Changes can occur after the synchronization version for the next enumeration has been obtained. There are two ways to handle this situation. The option that is used depends on the application and how it can handle the side-effects of each approach:
Ignore changes that have a version larger than the new synchronization version.
This approach has the side effect that a new or updated row would be skipped if it was created or updated before the new synchronization version, but then updated afterward. If there is a new row, a referential integrity problem might occur if there was a row in another table that was created that referenced the skipped row. If there is an updated existing row, the row will be skipped and not synchronized until the next time.
Include all changes, even those that have a version larger than the new synchronization version.
The rows that have a version larger than the new synchronization version will be obtained again on the next synchronization.
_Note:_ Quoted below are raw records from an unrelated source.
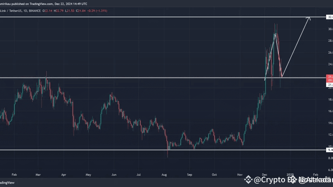 Secondo l’analisi tecnica la catena degli anelli si trova a un punto di svolta critico. Il popolare altcoin è salito a 32 dollari a novembre, ma è sceso da quel livello e attualmente viene scambiato intorno ai 21 dollari. Se questo livello di supporto viene mantenuto, potremmo vedere il prezzo spostarsi nuovamente verso i 32 dollari. Tuttavia, se#LINKnon riesce a mantenere questo livello, potrebbe riscontrare livelli inferiori.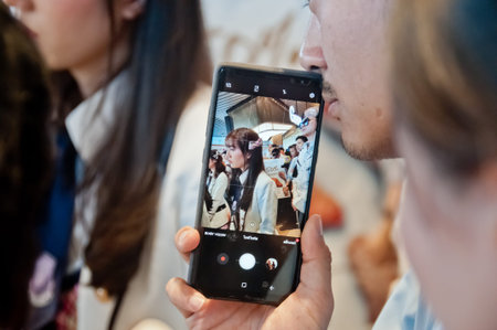 BANGKOK, THAILAND - NOVEMBER 23, 2018: Dusita Kitisarakulcha (Natherine), a member of Thai Idol girl group BNK48, is in the focus of camera phone screen in Gontran Cherrier bakery grand opening public event. There are many staff and band members in the sc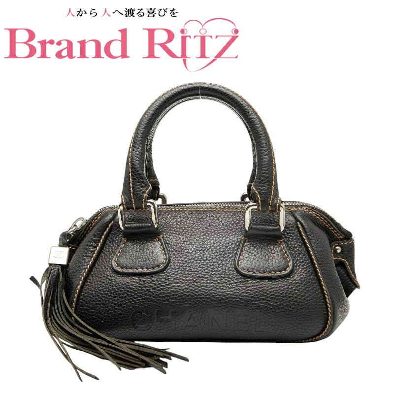 【絶対お得!!クーポンあり&10%OFF】中古 シャネル ロゴ フリンジ ミニボストンバッグ ハンドバッグ ブラック キャビアスキン レディース ABランク CHANEL あす楽【送料無料】【西神店】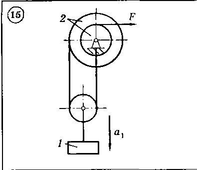 Для приведенных на схемах 1-30 механических систем, используя принцип Даламбера, определить величину силы F,необходимую для перемещения груза с заданным ускорением а1, а также усилие в грузовом тросе. Исходные данные: массы груза т1 и барабана т2, радиус барабана R2 (у двойного барабана имеется также r2), его радиус инерции р2 (если он не указан, тело считать однородным цилиндром), угол а и коэффициент трения скольжения f приведены в таблице. Непронумерованные блоки и катки считать невесомыми. Трением на осях барабана и блоков пренебречь.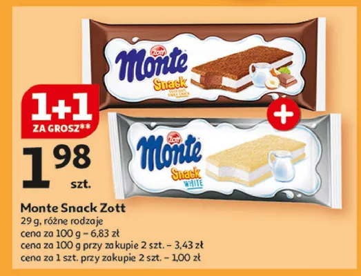 Cena produktu r贸偶ni si臋 w zale偶no艣ci od wybranego sklepu. Niestety nie posiadamy danych o aktualnych promocjach, jednak w艣r贸d archiwalnych ofert Baton mleczny white Zott monte snack kosztuje od 0,95 z艂 do 1,27 z艂.
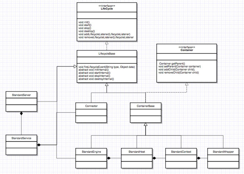 Tomcat 定義一個(gè)基類(lèi) LifeCycleBase 來(lái)實(shí)現(xiàn) LifeCycle 接口,把一些公共的邏輯放到基類(lèi)中去,比如生命狀態(tài)的轉(zhuǎn)變與維護(hù)、生命事件的觸發(fā)以及監(jiān)聽(tīng)器的添加和刪除等,而子類(lèi)就負(fù)責(zé)實(shí)現(xiàn)自己的初始化、啟動(dòng)和停止等方法。

This must be expected and handled by the application.
In addition to the previous two options, you can devise approach that combines both options, depending on the operation. For example, you might want an application for which it is best to ignore changes newer than the next synchronization version in which the row was created or deleted, but updates are not ignored.
Choosing the approach that will work for the application when you are using change tracking (or any custom tracking mechanism), requires significant analysis. Therefore, it is much simpler to use snapshot isolation.